Freezing point depression is the phenomenon where adding a solute to a liquid causes the freezing point to drop. While this may seem simple, it's not. Actually it is, it's just not intuitive. While the concept is pretty simple when you are dealing with water you are trying to freeze, it becomes a little stranger when you talk about adding salt to a mixed phase system of ice and water.
The most common such system is the ice water bath around an ice cream maker. You start with ice and add salt. Surprisingly, as the ice melts, the temperature of the ice and the water both drop without removing any heat from the system.
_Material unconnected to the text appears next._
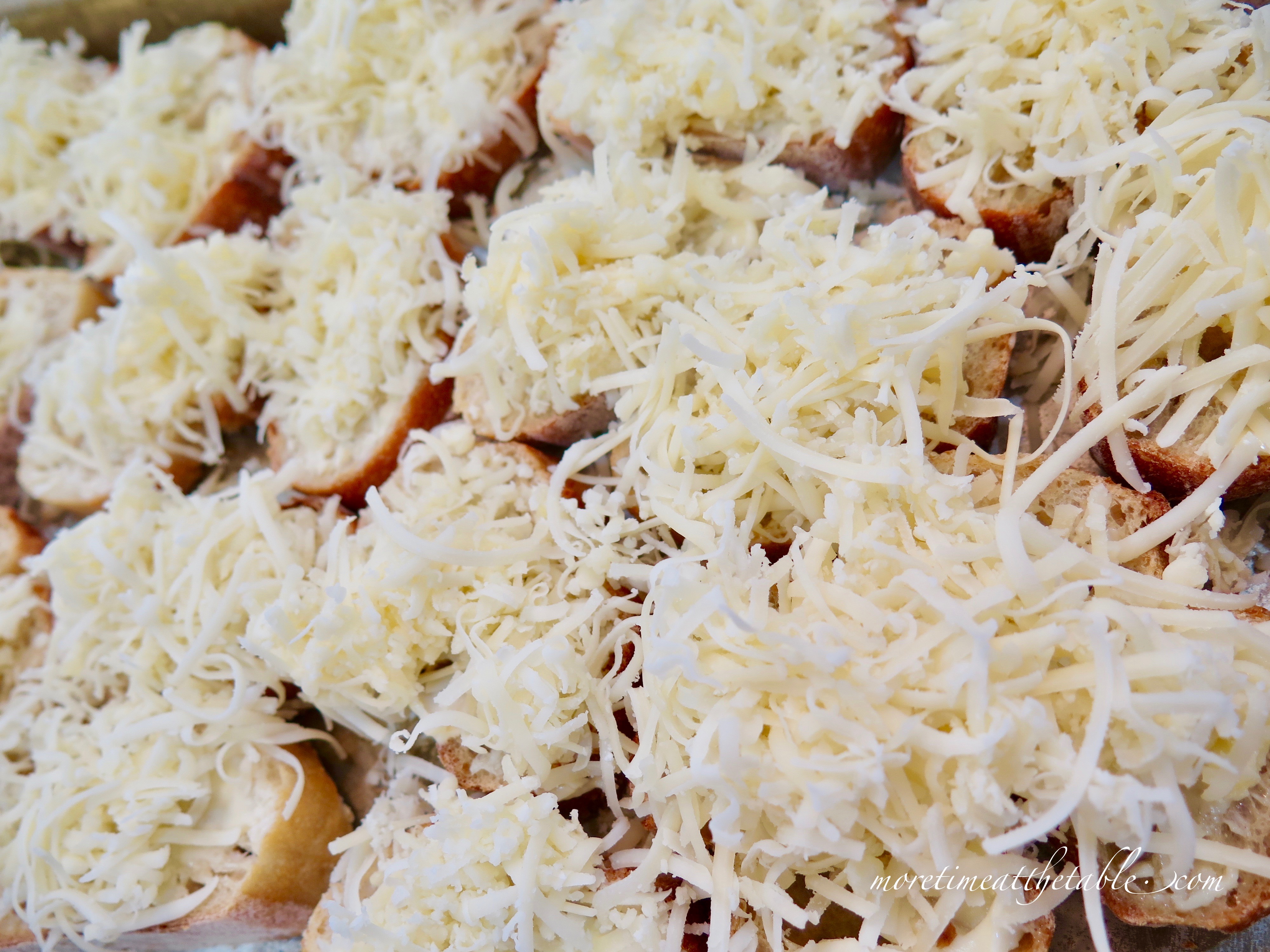 2. Preheat the oven to 350 degrees. Place slices of bread on a rimmed baking sheet and toast the them for 10 minutes.  Remove sheet from oven. Flip each piece of bread over, return to oven, and let toast another 5 minutes.  Remove to a rack and let them cool. Spread a generous layer of butter on each slice (you will need about 5 tablespoons), then lay the slices close together on a baking sheet and top with all but 1/2 cup of cheese–1/4 cup of each kind. (You’ll top the dish with that reserved cheese in a moment.)

In simple terms, at 0 C, ice and water are constantly melting and freezing, just in the same amount so there is an equilibrium. If you add salt, the freezing point of the water drops but the melting point of the ice stays the same. So ice still melts but water stops freezing. As the ice melts, it absorbs heat. The interface between the ice and water will cool down first, followed by the rest of the water and ice, until the system reaches the new equilibrium temperature of -20 C (or whatever the freezing point is depressed to depending on the amount of salt added).
Here are the numbers that govern the cooling of ice and salt water:
Specific heat of water: 1 cal (4.186 J) per g K
specific heat of ice: .51 cal (2.135 J) per g K
Heat of Fusion of water: 334 J per g
To melt 1 kg of ice requires 334 kJ.
To cool 1 kg of ice from 0 C to -20 C requires 42.7 kJ.
To cool 1 kg of water from 0 C to -20 C requires 83.72 kJ.
The solubility of salt in water at 30 C is 37 g/100 mL or 37 g/100 g. At 0 C, it will be a bit lower than this. When salt dissolves in water, it absorbs about 51 J/g. So if you dissolve 370 g of salt in the kg of water, you will absorb a total of 19 kJ.
The heat capacity of water is 4.2 J, so 19 kJ will lower the temperature of 1 kg of water by about 4.5 C to -4.5 C. Since you've lowered the freezing point of the water, none will freeze.